I figured out during this bulk that the biggest problem for “hardgainers” is having enough appetite to eat all of the food required. Athletes, bodybuilders and active people require a high calorie diet – that comes with the territory.
This was the easiest bulk for me and that’s not necessarily a good thing. Once I figured out how to grow such an appetite it was hard to stop. I ended up gaining a little too much fat along with the muscle I put on.
That’s part of the reason why I don’t follow the traditional regimen of bulking up a lot and then cutting down. My approach is different now.
Now I try to gain weight as slowly as possible to avoid gaining much fat. You can continue to increase strength and muscle size while only in a small caloric surplus. This approach leads to much less fat gained. Then every now and then you can just cut your calories down to a slight deficit for a month and trim off that fat. Even in a slight deficit you can still make strength progress if you’re working on your recovery properly.
That’s so much better than 3 months of hardcore dieting that’s usually required to “cut” after a long bulk.
How to Gain Weight in 8 Steps
- Use a free calorie counter like MyFitnessPal and track everything you eat for a week. You need to do this for yourself, just to see how much you are really eating.
- Figure out how many calories you need by using this calculator
- Learn how to track your macros and adjust your macros and calories in MyFitnessPal. You’ll have to manually set your calorie goals on the website, then it will sync to the app if you’re using it on your phone.
- Eat your required calories, every day. If you are 200 calories short on one day, eat 200 extra calories the following day. Day-to-day fluctuations aren’t as significant as the weekly average.
- Weigh yourself every morning. For accurate readings you should wake up, go to the bathroom and then weigh yourself naked before eating or drinking anything. This is the best way to get consistently accurate readings.
- Aim for 0.5 – 2 lbs of weight gain a week, depending on your goals.
- When your weight gain stalls, increase your daily caloric intake by 50-200 calories.
- Start buying larger clothes
My Tips & Tricks
- Eating a larger quantity of smaller meals ramps up your appetite like crazy. If you eat less meals that are bigger you will have less appetite in between meals. Just do whatever works best with your schedule.
- Always look for calorically-dense foods, meaning they have a lot of calories in a small portion. My favorite bulking snack is chocolate covered cashews.
- Always keep snacks handy. Snacking builds up an appetite and allows you to eat more at meals – and snacking helps you get in lots of calories between meals.
- Short, intense cardio sessions will increase your appetite dramatically. Follow your workouts with some sprints or 10 minutes of high intensity interval training and I promise you’ll be ready to eat a horse.
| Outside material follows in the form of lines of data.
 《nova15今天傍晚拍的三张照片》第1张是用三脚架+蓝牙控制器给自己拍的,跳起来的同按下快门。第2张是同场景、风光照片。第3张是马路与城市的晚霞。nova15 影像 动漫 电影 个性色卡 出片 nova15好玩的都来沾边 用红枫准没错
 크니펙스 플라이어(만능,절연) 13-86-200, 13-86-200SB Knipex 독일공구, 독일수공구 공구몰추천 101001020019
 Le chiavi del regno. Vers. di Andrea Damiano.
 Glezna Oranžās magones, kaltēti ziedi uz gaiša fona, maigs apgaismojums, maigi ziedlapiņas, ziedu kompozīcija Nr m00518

There are tons of other tricks, but those are the ones that worked best for me. I prefer to increase my appetite and eat more healthier foods, instead of slamming sodas all day.
Basically, look at most weight-loss advice and do all the things they say not to do. That’s how you gain weight. It’s so easy that lots of people do it, just look around.
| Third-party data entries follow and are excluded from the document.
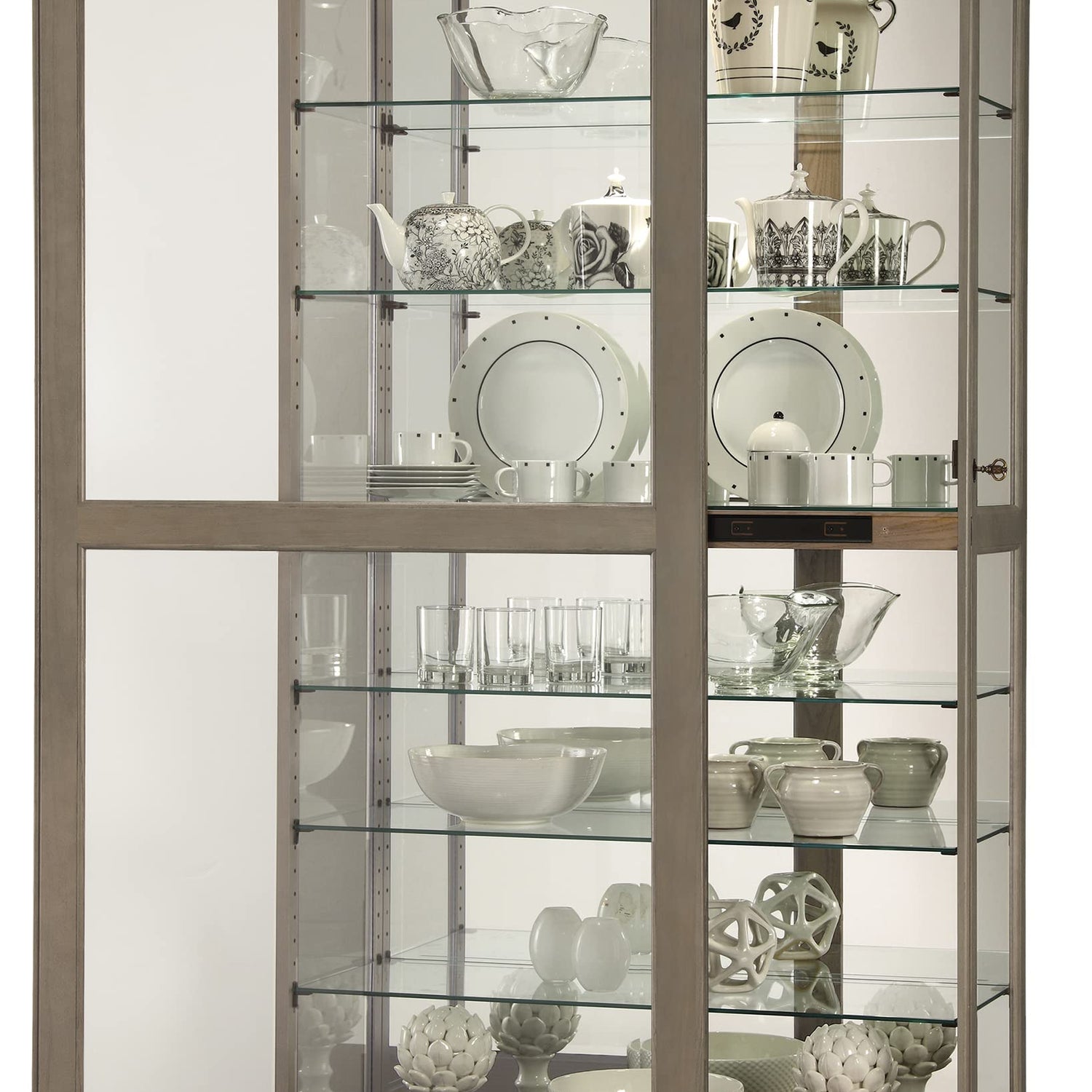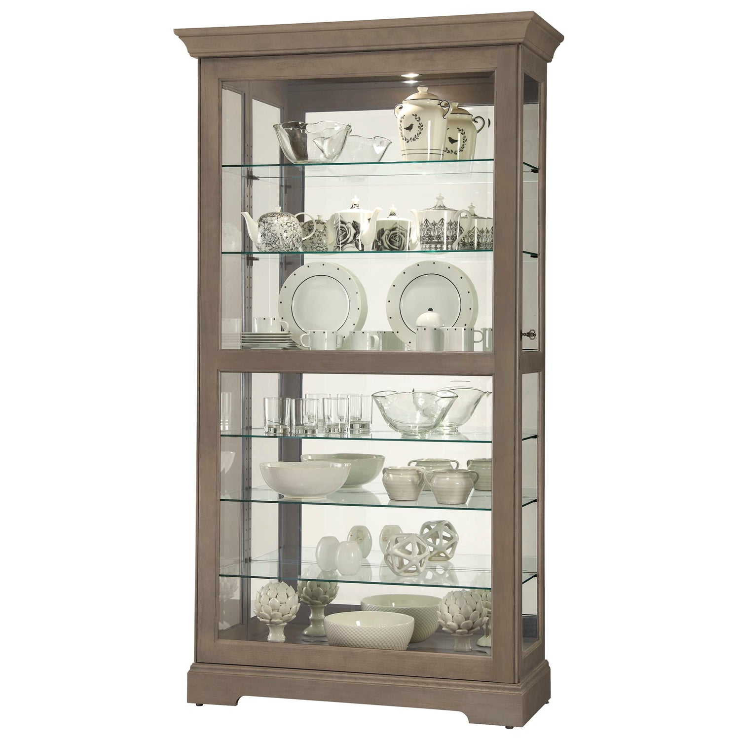 - SLEEK AESTHETIC: The Howard Miller Gilman Curio Cabinet II features a sophisticated Grey finish, seamlessly blending with any decor. Its elegant design, complemented by beveled glass, enhances your space while protecting your cherished items from dust & damage. This cabinet becomes a stunning focal point, perfect for showcasing collectibles in style.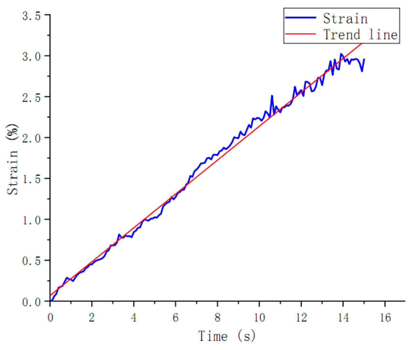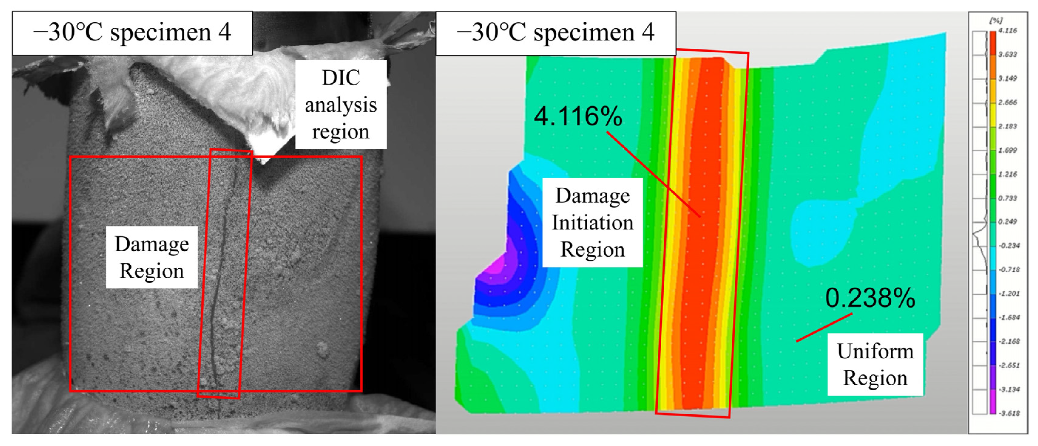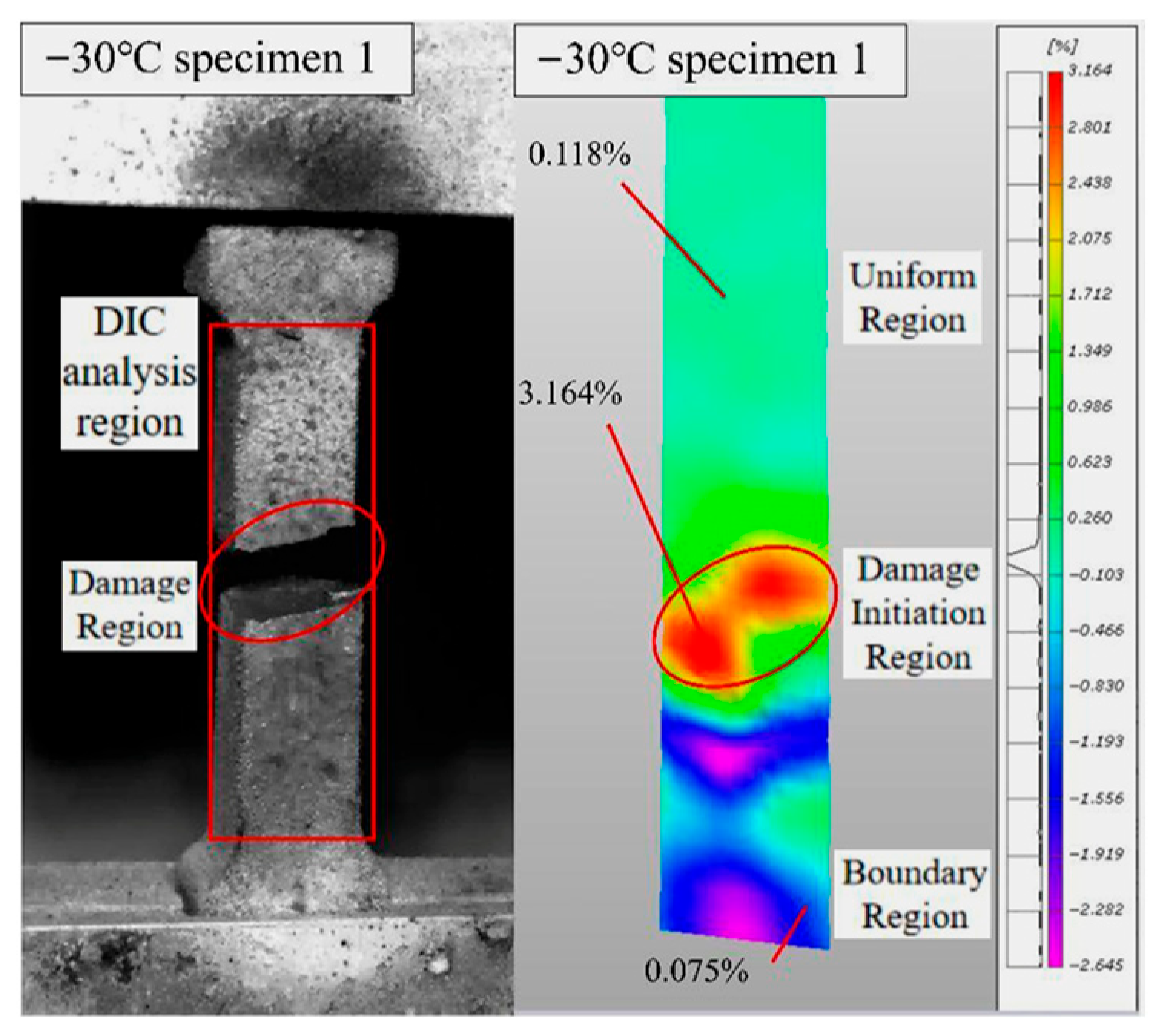 Figure 8) revealed significant differences. The strain data obtained from the universal testing machine were 0.32%, which is much lower than the local strain value of 2.922% measured by DIC in the damage region but significantly higher than the uniform region strain value of 0.118% and the boundary region strain value of 0.075% in the strain map of
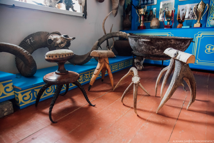 Есть у нас свой музей, где мы храним экспонаты для беркутчи и разные уникальные находки, он единственный в Казахстане. Какие-то мы находим в наших горах, пещерах, какие-то гости приносят. Дарят знакомые, у кого отцы когда-то работали с беркутами, собаками. Историки часто здесь бывают, фотографируют все, а потом исчезают: себе, наверное, пишут диссертации. Ни один экспонат мы не продаем, потому что это история наших предков.

Well I hope that helps all you skinny guys out there! I know how you feel, but trust me if you apply these principles you will reach a point where you can’t imagine not being able to gain weight. It gets easier with time because as you gain more muscle you gain a larger appetite as well. I’m still not that big myself, but now that I’m over 200 lbs I don’t have the desire to be much bigger anymore.
What about you, are you a reformed hardgainer? I’d love to hear your story, let me know in the comments.